'Die Sprache der Schatten' - Seiten 001 - 088

  • Hallo, nun bin ich auch mit von der Partie.


    "Die Sprache der Schatten" ist das erste Buch, das ich von Susanne Goga lese. Ich bin also vollkommen unvoreingenommen, von diesen ersten Leseabschnitt aber schon sehr angetan. Die Erzählweise gefällt mir ausgesprochen gut. :-]


    Der Prolog begann viel versprechend. Dem jungen Mann begegnen wir sicher noch im weiteren Verlauf der Handlung wieder. Vielleicht doch Antonis? :gruebel


    Gleich die ersten Seiten zogen mich in ihren Bann. Rike, die junge Witwe des Fabrikanten Hesse, wird es in Zukunft wohl nicht leicht haben. Hoffentlich wird das Zusammenleben mit Alexander nicht zu problembehaftet. Wird er sie auch weiterhin so in der Firma mitarbeiten lassen wie sein Vater? Ihre Mutter fand ich sehr couragiert, mit der Schneiderpuppe und dem fertigen Kleid zu dem Fabrikanten zu gehen und ihn von ihrem Können zu überzeugen. Diese Investition hat sich wirklich ausgezahlt.


    Die Schilderung, wie Rike den Laden des Herrn Scheer "Gemälde und künstlerische Photographien" :lache besucht, fand ich sehr gelungen. Ich konnte mir das alles bildlich vorstellen. Ich hoffe für Rike nur, dass der Besuch in diesem zwielichtigen Laden keine negativen Auswirkungen hat.

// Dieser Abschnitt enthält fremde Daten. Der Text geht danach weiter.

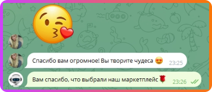 - В момент создания заказа вас переадресует в наш Телеграм-бот;

    Ich bin gespannt, was die nächsten Seiten bringen. In meinem Kopf haben sich schon einige Fragen angesammelt.


    PS: Das Bild hatte ich mir ein wenig anders vorgestellt. Aber das wirkt sich überhaupt nicht auf meine Lesefreude aus. Vielen Dank, dass du meine Vorstellung gerade gerückt hast, Susanne.

  • So, jetzt bin ich auch soweit und mit dem 1. Abschnitt durch. Es macht viel Spaß, dieses Buch zu lesen und ich kann Sayia eigentlich nur zustimmen:


    Zitat

    Ich kann es kaum zur Seite legen, weil mir die Geschichte gefällt, die Personen, aber auch die bildhafte Sprache, in der all das geschildert ist. Mein Kopfkino funktioniert jedenfalls sehr gut, nicht nur bei dem in meinen Augen wunderschönen Bild, das Alexander Rika schenkt.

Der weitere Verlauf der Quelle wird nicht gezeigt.